The Texas Windstorm Insurance Association now covers approximately 60 percent of residents in a 14-county Texas coastal region. This rapid expansion is related to the agency's below-market rates. Only a few years ago, its rates were 40 percent below the level needed to meet expected payments. While the agency has made substantial progress in recent years, rates are still below actuarially sound levels.

Instead of dealing with these fundamental problems, however, SB 900 shifted more of the costs of the program onto private insurers, increasing assessments on insurance companies to pay Texas Windstorm Insurance Association claims. The costs of these assessments will, of course, inevitably show up in higher insurance premiums throughout the state.

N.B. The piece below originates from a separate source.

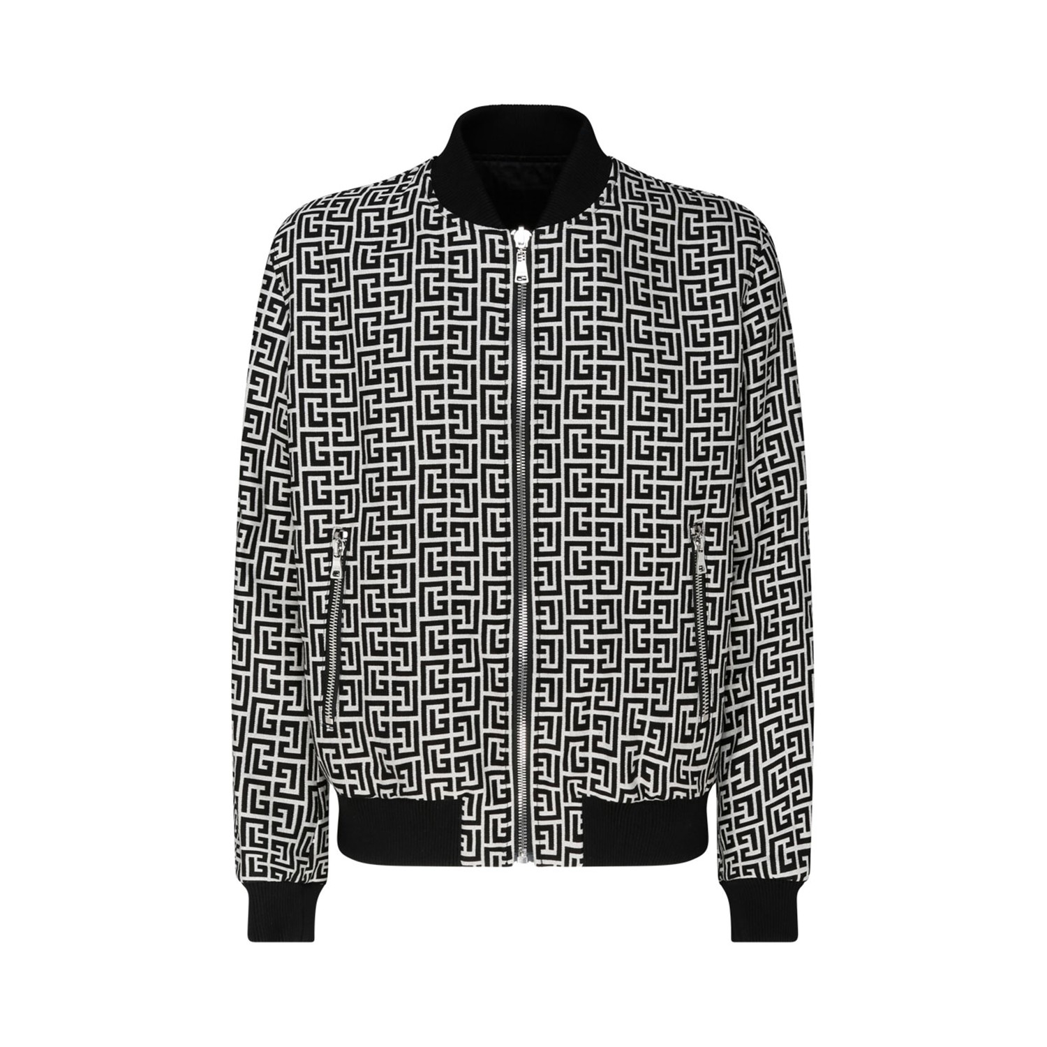 Balmain Black and White Cotton Monogram Pattern Reversible Bomber Jacket. Black and white cotton bomber jacket, debossed monogram pattern, front zip fastening, two side zip fastening pockets, ribbed band collar, long sleeve, ribbed cuffs and hem, reversib

But new legislation is not the state’s only problem when it comes to insurance. Close to half of Texas’ property-casualty insurance market is being written by thinly capitalized firms whose premium-to-surplus ratio exceeds 100 percent. The Texas FAIR plan, a more generalized insurer-of-last-resort program available statewide, nearly doubled in size between 2011 and 2014. Also counting against Texas were longstanding issues, such as the limited flexibility in ratemaking that is impairing the state’s file-and-use system.

Texas also needs to look ahead to growing future risks. Litigation historically has sometimes been as big a threat to Texas’ insurance system as have storms. Just over a decade ago, losses from mold claims were as bad as years with major storms. Total losses during the peak years of the mold crisis in 2001 and 2002 were surpassed only by 2008’s Hurricanes Ike and Dolly.

Now, a new litigation crisis may be brewing, this time involving hail. Hail claims have increased 84 percent since 2010, and litigation over hail damage has exploded in certain parts of the state. An analysis by attorneys G. Brian Odom and Tyler McGuire found that, while 2 percent of insurance claims historically have resulted in litigation, for recent claims in Hidalgo County, the number is 35 percent. This litigation explosion has been encouraged by current Texas law, which allows attorneys to collect large fees and penalties in hail-insurance cases. The costs of this litigation ultimately will be borne by ratepayers.

The good news, as the song says, is that there’s still time to change the road we’re on. In fact, there are a number of things the state can start doing now to improve it’s ranking for next year.

Texas can start by shrinking the size of TWIA. Continuing to move toward rate adequacy and using reinsurance would shift risk and policies back into the private market, ultimately making the program more sustainable. And nothing prevents the Texas Department of Insurance from moving toward the true use-and-file system in homeowners insurance that was envisioned by the legislature when it was passed in 2003. This move would likely also serve to shrink both TWIA and the FAIR plan and make the property insurance market more attractive to major carriers.

Texas has shown that a free-market, light-touch regulatory approach works best for both businesses and consumers. It's time we applied the same approach to insurance.